◆ Given information ◆

§

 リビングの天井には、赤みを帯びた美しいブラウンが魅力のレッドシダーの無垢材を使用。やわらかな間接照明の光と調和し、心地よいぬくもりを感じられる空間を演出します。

§

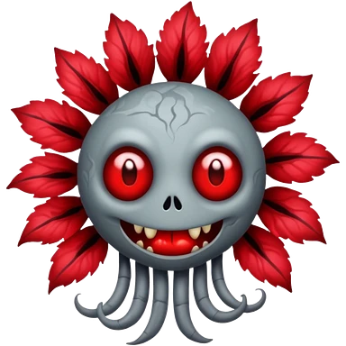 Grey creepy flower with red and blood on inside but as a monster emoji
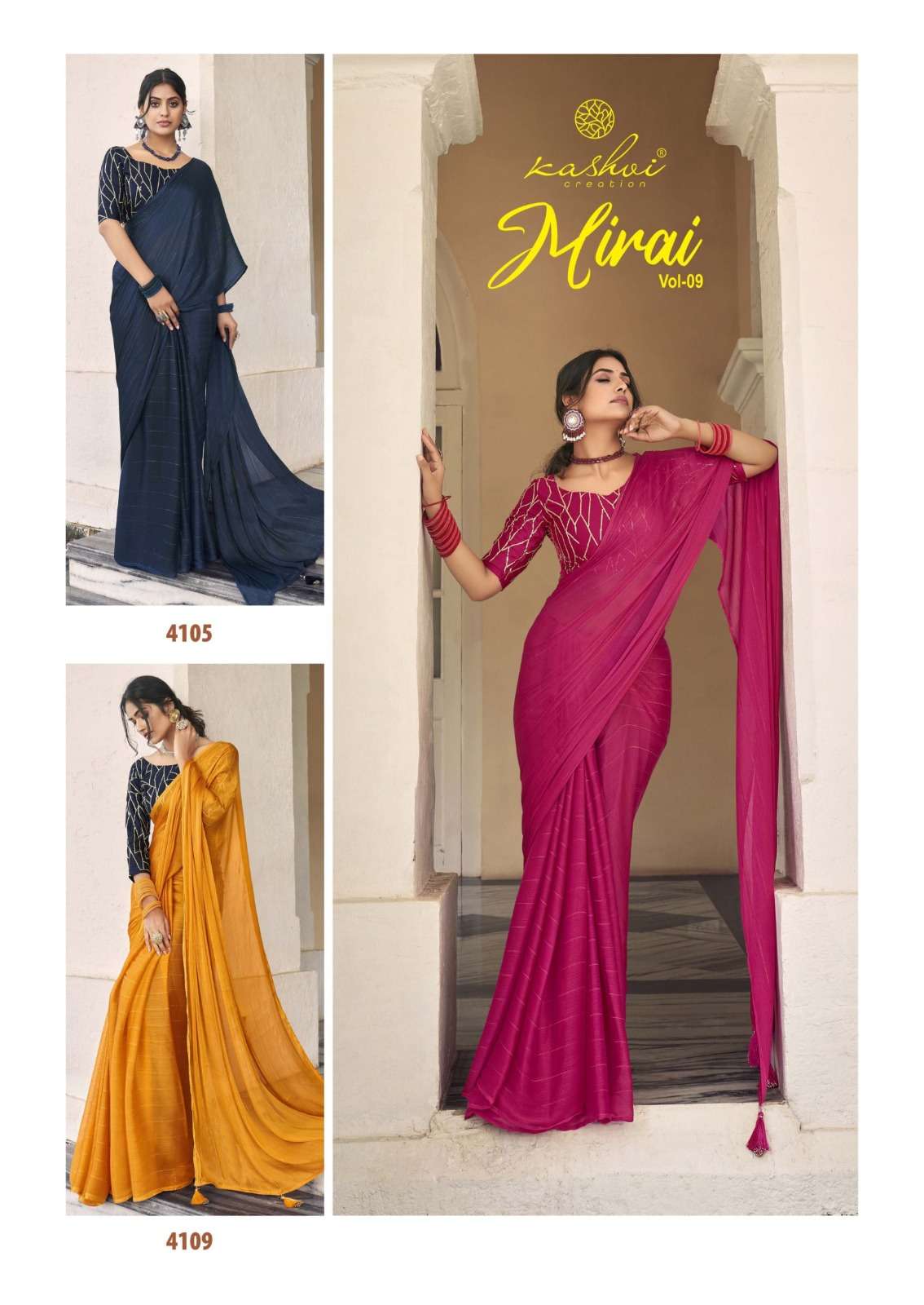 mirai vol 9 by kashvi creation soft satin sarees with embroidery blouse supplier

§

◆ Exercise aim ◆
All lines above from the one containing "Grey creepy flower" up to and including the one containing "mirai vol 9" are to be set down exactly, and nothing else. Leave images out.

◆ Answer for this exercise ◆
 Grey creepy flower with red and blood on inside but as a monster emoji
 mirai vol 9 by kashvi creation soft satin sarees with embroidery blouse supplier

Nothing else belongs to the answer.